Subscription models are starting to take root in the investment world as well. Now clients can subscribe and save not only on movies and dinner, but also their investment portfolio.

Subscriptions are nothing new; newspaper and magazine subscriptions date back to the 17th century. However, subscription services have markedly expanded in recent years, and the realm of products available on a monthly basis range from streaming music, movies, and television shows to stickers, meals, and boxes of dog toys shipped to your door. The digital marketplace is growing ever more intertwined with subscription-based services, both in terms of tangible goods delivered direct to consumer, à la BarkBox, Blue Apron, and Dollar Shave Club, and digital goods and streaming services, like Netflix, Hulu, or Spotify.

Subscription models are another part of the noncommittal gig economy, a model “based on flexible, temporary, or freelance jobs, often involving connecting with clients or customers through an online platform” according to Investopedia.[1] And like the gig economy, subscription-based businesses are booming. A 2018 McKinsey report estimated that the “total market size for subscription e-commerce services is about $12 billion to $15 billion.”[2]

Not only that, but the study also found that 46% of those surveyed subscribe to a media streaming service, and 15% have subscribed to e-commerce offerings within the last year. Based on this information, it’s no wonder that subscription models are starting to take root in the investment world as well. Now clients can subscribe and save not only on movies and dinner, but also their investment portfolio. Ellevest recently announced their new monthly investment subscription starting at $1/month (and no minimum investment).

Their tiered membership-based financial advising services are offered at $1, $5, and $9 per month.
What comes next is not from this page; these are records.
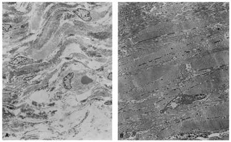 The developmental process of the human sclera progresses from anterior to posterior and from inside to outside.4 The human eye develops early in week 4 as an evagination from the ventral lateral aspect of the neural tube or neuroectoderm at the level of the forebrain in the diencephalon. The end of the evagination becomes slightly dilated to form the optic vesicle. At the same time a small area of surface ectoderm overlying each optic vesicle thickens, forming the lens placode, which invaginates to become the lens vesicle. At this time there are three waves of neural crest mesenchymal invasion. The first is responsible for the corneal endothelium and trabecular meshwork, the second for the corneal and scleral fibrocytes, and the third for iris and choroidal stroma. By week 5 of development each optic vesicle invaginates to form the double-layered optic cup or neuroectoderm that is surrounded by neural crest which is also of ectodermal origin. The differentiation of neural crest cells into sclera and choroid occurs by week 6 of development in humans in the region anterior to the equator (about day 43 of development),5 progresses backward to the equator by week 8, and reaches the posterior pole by week 12.1 This differentiation is induced by the retinal pigment epithelium.6–8 The sclera as well as the choroid and the retinal pigment epithelium requires the presence of the developing lens for normal growth and change in shape, structure, and function.1 By the 4th month circularly oriented scleral fibers form the scleral spur, and by the 5th month scleral fibers around the axons of the optic nerve form the lamina cribrosa.1,4 Arrest of fetal development at this stage or the failure to lay down new collagen on the inner aspect of the posterior sclera might well account for some of the staphylomatous changes found in congenital myopia and disc changes found in some patients with congenital glaucoma. Ultrastructural studies show that developmental events of the sclera begin in the region anterior to the equator at approximately day 43.4,5 The late mesenchymal cells or very early fibroblasts of the anterior portion possess elongated nuclei and many glycogen granules and lipid vacuoles whereas those of the posterior portion possess round-to-oval nuclei and few glycogen granules and lipid vacuoles. The late mesenchymal cells or very early fibroblasts of the anterior and posterior portions contain many free ribosomes and polyribosomes, as well as immature rough-surfaced endoplasmic reticulum and Golgi complex. The early fibroblasts begin the synthesis of glycoproteins, glycosaminoglycans (especially hyaluronic acid), collagen, and elastin between day 43 and 50, thus filling the intercellular space. Developmental events directed from inside outward begin at week 7.2 with a marked increase in the inner portion in glycogen granules and lipid droplets of the cells, and in number and average diameter of collagen fibrils. Cytodevelopment of the sclera is characterized by decrease of ribosomes, polyribosomes, glycogen granules, and lipid vacuoles, and by increase of rough-surfaced endoplasmic reticulum and Golgi complex components. Development of intercellular substances is characterized by an increase in the number and average diameter of collagen fibrils (Fig. 1) and in the amount of elastic deposits with electron-translucent central cores. By week 10.9 there are no more differences between the inner and outer portions. By week 13 there are no more differences between the anterior and posterior portions. By week 24, fetal sclera has the same ultrastructural characteristics as adult sclera. Between week 6 and week 24 there is a threefold increase in thickness, possibly by progressive laying down of collagen fibrils on its inner aspect as more mature collagen fibrils are found in the outer part of the sclera and the younger smaller collagen fibrils on its inner aspect; thereafter the rate of increase diminishes rapidly. Defects in synthesis of extracellular matrix components during scleral development may account for conditions such as Marfan syndrome, osteogenesis imperfecta, pseudoxanthoma elasticum, Ehlers-Danlos syndrome, congenital myopia, and nanophthalmos. Immunohistochemical studies show that the extracellular matrix of fetal sclera has the collagens I, III, IV, V, and VI, the glycosaminoglycans dermatan sulfate, heparan sulfate, hyaluronic acid, and chondroitin sulfate, and the glycoproteins fibronectin, vitronectin, and laminin.9 Collagens II and VII are not present. Collagens play a major role in strength (collagen I), resiliency (collagen III) and structural integrity (collagens IV, V, VI); glycosaminoglycans in distensibility; and glycoproteins in cell adhesion, growth, differentiation and migration, as well as in other extracellular matrix component organization. Collagen VIII may also be present in human fetal sclera.10 Development of scleral extracellular matrix from fetus into the adult includes increase of collagens I, III, and VI, and decrease of collagen IV and VIII, hyaluronic acid (Fig. 2), fibronectin, vitronectin, and laminin.9,10 By the time the tissue is mature, collagen IV, although abundant in fetal tissue, has almost completely disappeared, except in blood vessels. Heparan sulfate is identified in fetal and adult sclera in small amounts. Increase of collagens I, III, and VI may account for the increase in strength, resiliency, and structural integrity of adult sclera. Decrease of hyaluronic acid may explain the decrease of distensibility of adult sclera. Decrease of fibronectin, vitronectin, and laminin may suggest they play a major role in directing developmental events during the younger gestational periods, including cell and extracellular matrix organization. POSTNATAL DEVELOPMENT AND AGE-RELATED CHARACTERISTICS Scleral development is determined by the genetic signaling to the fibrocytes of the sclera, and by the concomitant development of the adjacent structures such as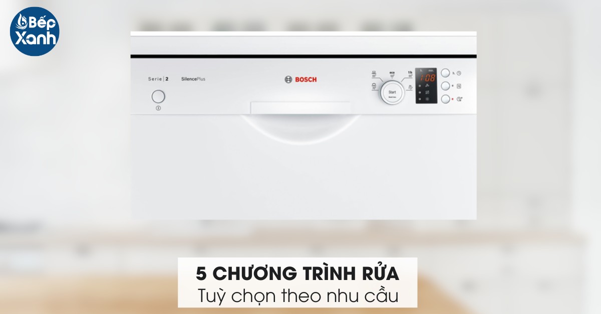 Máy rửa bát Bosch SMS25CW05E gồm 5 chương trình thông thường. Bao gồm: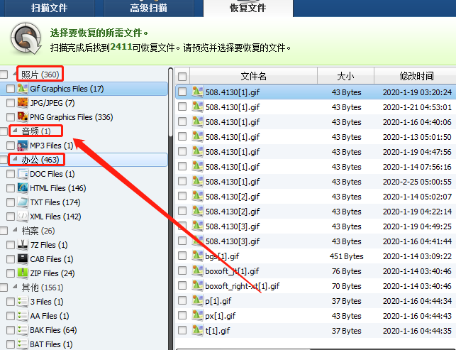 4.等到软件扫描完成之后,在界面中可以看到扫描出来的文件结果,并且被分类显示了,用户可以在其中找到自己想要恢复的文件。

Every level includes a personalized investment portfolio, access to online learning (including online workshops and videos), Ellevest banking, and coaching discounts starting at 20%, while the $5/month plan adds retirement planning and the $9/month plan includes everything mentioned plus multi-goal investing, with “up to six customized investment accounts for each of your money goals.”[3]

This model is most reminiscent of Patreon, a tiered membership platform founded in 2013 that is popular with YouTube personalities, webcomic artists, writers, podcasters, and other creative entrepreneurs.[4] It allows subscribers to directly support artists and content creators with small monthly donations in exchange for member-exclusive content. Patreon subscribers can expect early access to publicly available content, as well as Patreon-only merchandise and bonus features in exchange for a monthly subscription as low as $1/month. Some creators interact with their patrons through livestreams, video chats, Q&As, and more, allowing fans to get more personalized content and interaction with their favorite artists. Patreon creators can be wildly successful earning up to $95,000/month, and when building out subscription services, it can be helpful to look to other preexisting businesses to better understand the market and avoid reinventing the wheel.

That said, while the $1/month Ellevest subscription is affordable, it’s not for everyone. Fret not, however, for even Charles Schwab offers a similar service for their Schwab Intelligent Portfolios Premium customers, one which requires a $25k minimum investment and targets higher net worth customers. Based on the way that digital streaming took off (and how everyone now wants a slice of the pie), as well as the tens of thousands of deliverable subscription boxes that have popped up within the last ten years, it may be only a matter of time before investment subscriptions become the new normal.

When deciding if a subscription-based business model is the right venture for you, keep in mind what draws customers to these products. McKinsey found that subscriptions fall into three categories: replenishment (automatic, recurring orders of necessities like razors or toilet paper), curation (new items and personalized experiences), and access (exclusivity and members-only benefits), and noted that “a great end-to-end experience and are willing to subscribe only where automated purchasing gives them tangible benefits, such as lower costs or increased personalization.” Ellevest hits these targets with personalized portfolios combined with exclusive banking offers, educational opportunities, and consultation discounts. However, it’s also important to know why customers ditch their subscriptions too, so that these shortcomings may be monitored and avoided; poor value for the price and dissatisfaction with the product or experience can kill subscription rates.[5]






These articles are prepared for general purposes and are not intended to provide advice or encourage specific behavior. Before taking any action, Advisors and Plan Sponsors should consult with their compliance, finance and legal teams.